Álbum

Luck… or Something já começa diferente por ter Hilary assinando todas as composições, algo inédito em sua carreira. É também o primeiro álbum em que a artista explora com profundidade sua vida atual

Por: Davi Nícolas, especial para o BDD

Depois de perder Britney Spears, Christina Aguilera, JC Chasez e Justin Timberlake para a Jive, RCA e BMG (respectivamente), a Disney bateu o martelo e decidiu que não daria mais nenhuma sensação pop adolescente de mão beijada para ninguém. Foi assim que Hilary Duff virou a primeira Disney Girl, apresentada musicalmente ao mercado no filme que conclui Lizzie McGuire, um dos maiores acertos do Disney Channel, e que tem seu ápice famosamente situado numa premiação musical que acontece dentro do Coliseu, em Roma.

O Paolo não cantou pra gente, mas Hilary encantou nossos ouvidos com What Dreams Are Made Of e, desde então, não saiu das nossas playlists. E após uma década de pausa na carreira, e talvez motivada pelo atual marido, Matthew Koma, que já trabalhou com Britney, Shania Twain, OneRepublic e outros, o anúncio de seu retorno foi feito.

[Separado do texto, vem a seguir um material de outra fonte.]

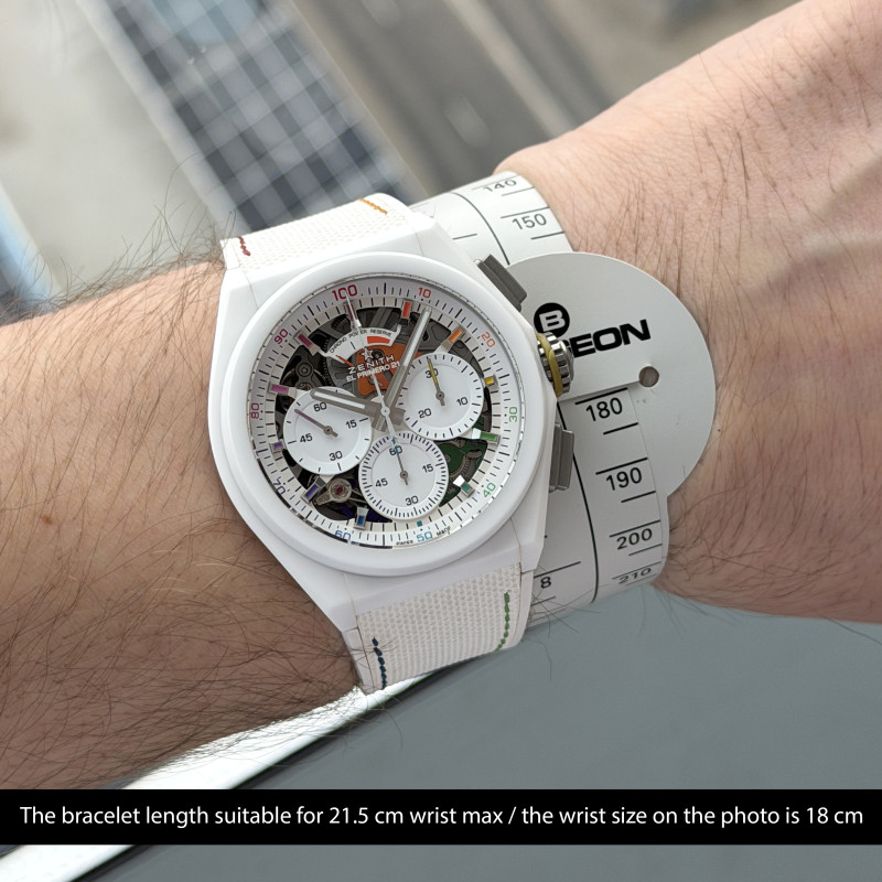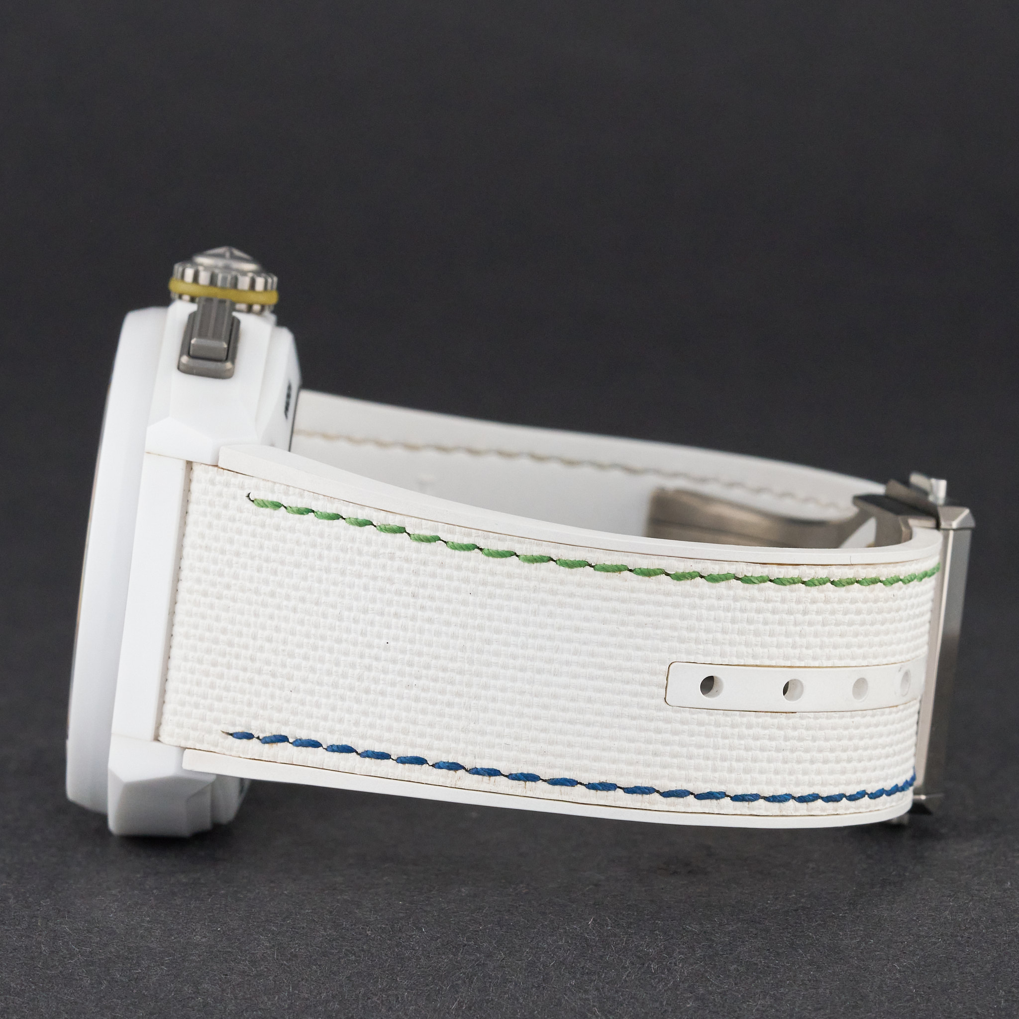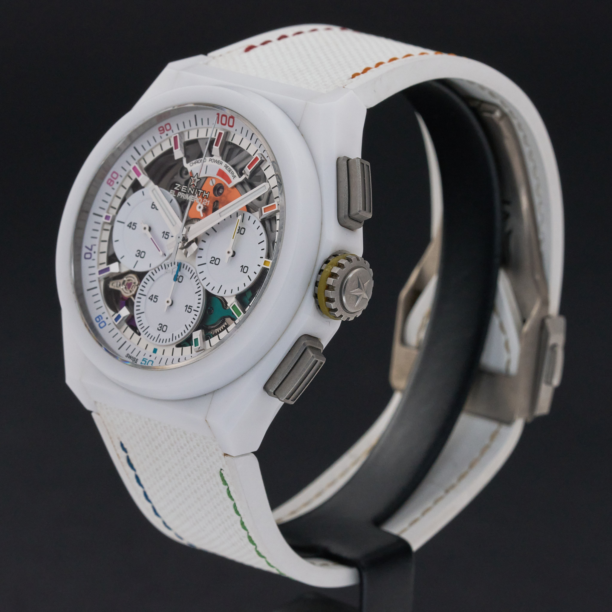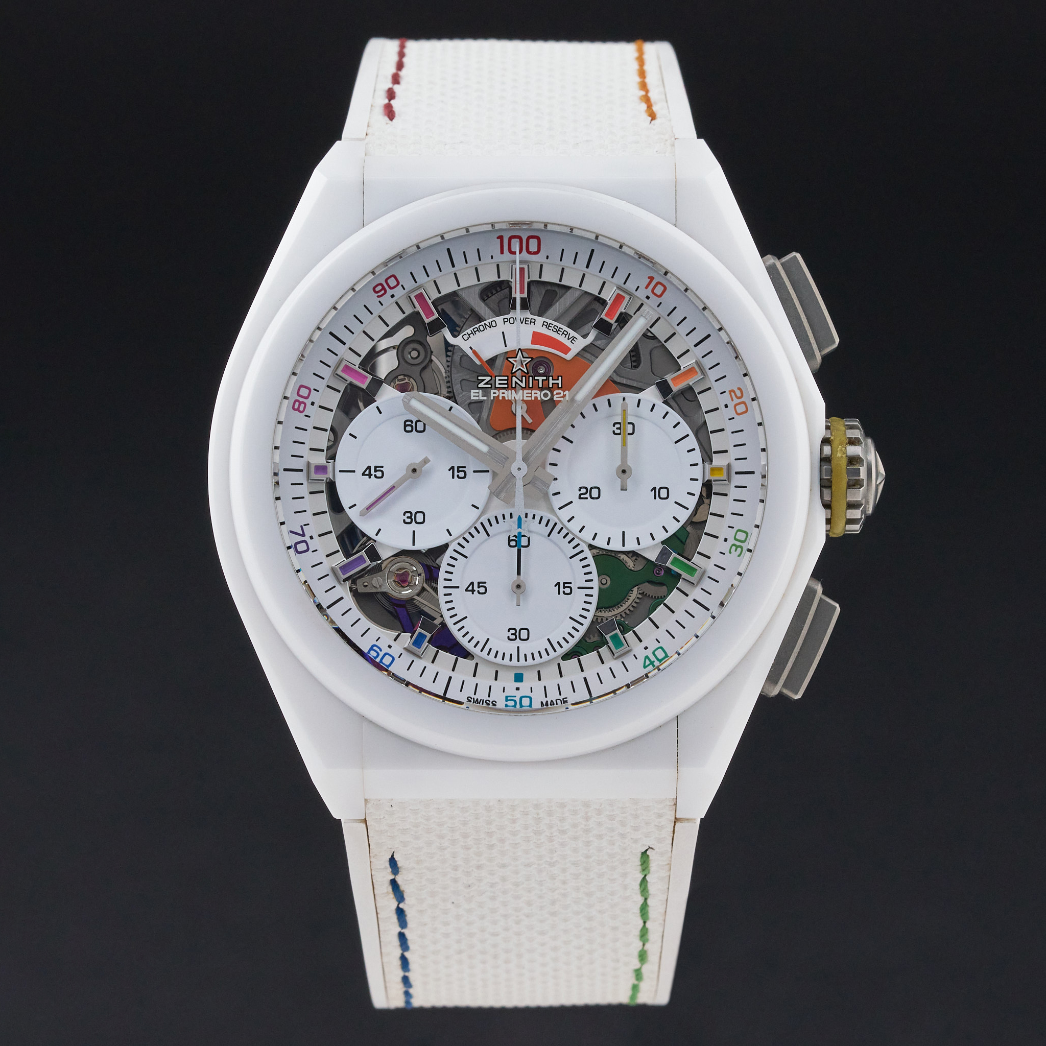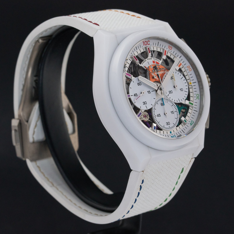 This Zenith Defy 21 Chroma El Primero Limited Edition 49.9010.9004/01.R947 features a White rainbow dial and is crafted from matte white ceramic and titanium, with a production year of 2022.
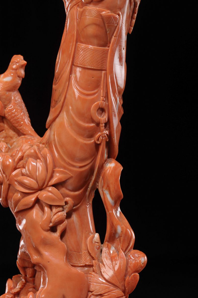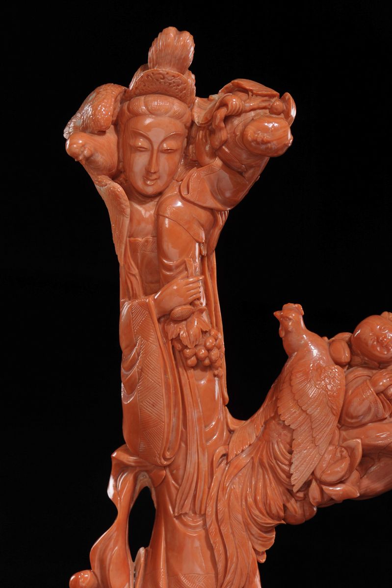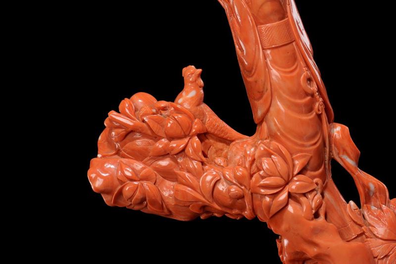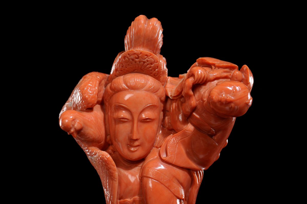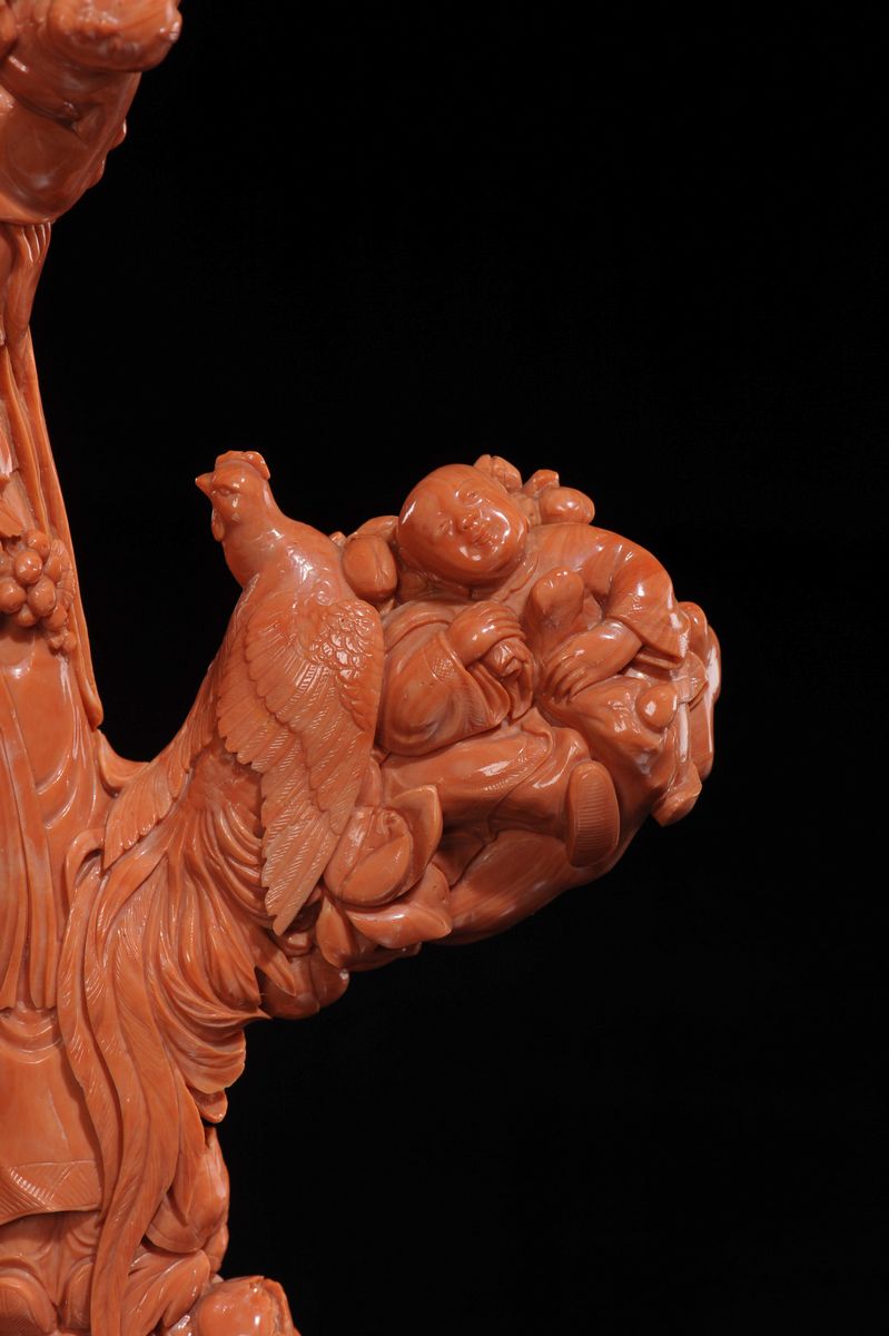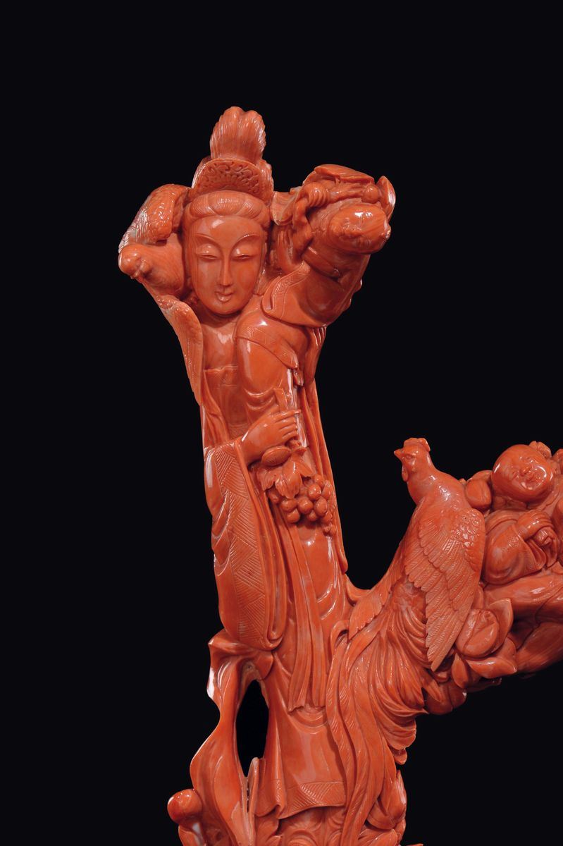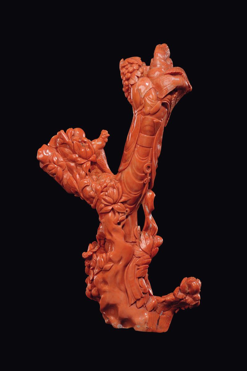 A large carved coral group Guanyin on flowers with a grapes in her hand surrounded by birds and children, China, early 20th [..]

Londres, Paris e Tóquio foram palco deste “acordar”, que nos entregou um dos discos pop mais sólidos e interessantes do ano.

Luck… or Something já começa diferente por ter Hilary assinando todas as composições, algo inédito em sua carreira. É também o primeiro álbum em que a artista explora com profundidade sua vida atual. Se no passado a queridinha da Disney cantava sobre como os sonhos eram feitos, que chegou a hora de voar ou que quando você a toca ela sente faíscas, hoje ela abre seu coração e reflete sobre relacionamentos, família e crescer.

Weather For Tennis, música que abre o disco, já começa com uma pedrada: “I’m a seasoned apologist / For the people I love / I’m an amateur psychologist / Key to everyone’s handcuffs”. Discutindo um relacionamento conturbado em que ela nunca pode ganhar um argumento, até que chegamos em Roommates, em que ela se vê presa na relação que esfriou e eles mais parecem colegas de quarto.

We Don’t Talk é uma resposta aos rumores que tomaram as páginas de fofoca com teorias da conspiração sobre o status atual de seu relacionamento com sua irmã. Future Tripping entrega uma produção divertida enquanto mostra que Hilary é gente como a gente e está sempre preocupada com cenários futuros e hipotéticos.

Mas uma das minhas canções favoritas é também o maior e mais impensável encontro da história do pop 2000: Growing Up faz citação de Dammit, o primeiro single internacional do blink-182 lá na época do Dude Ranch (1997), trazendo a ponte da música para o lado pop atual. The Optimist é uma das grandes surpresas, pois é a faixa em que Hilary se mostra mais vulnerável: imaginando como seria se ela tivesse um pai presente e que demonstrasse seu amor por meio de afeto, ela conclui que mesmo estando distante dessas coisas, ela prefere continuar na esperança de que um dia elas possam virar realidade.

Adult Size Medium, faixa que encerra o disco, é uma reflexão sobre como toda a nossa geração lida com crescer. “The twenty year old me is still in here / I’m waking up to a dream sequence / Sometimes I can’t see me in it” elucida como às vezes a vida parece que tem passado tão rápido diante de nossos olhos, e a gente está tão no “automático” que parece que nem dá tempo da gente se situar dentro do que está acontecendo.

Um disco para quem ainda acredita em trabalhos coesos e que não parecem uma playlist aleatória e com composições que evidenciam, junto dos vocais, o quanto Hilary amadureceu e se tornou uma compositora competente. Além disso, a produção de Matthew e Brian Phillips deixa tudo amarradinho e com o appeal sonoro para agradar o mundinho comercial. Luck… or Something é tão gostoso que o conjunto da obra acaba ofuscando o lead single, Mature, e ressalta em alto e bom som aquele velho ditado: panela velha é quem faz comida boa.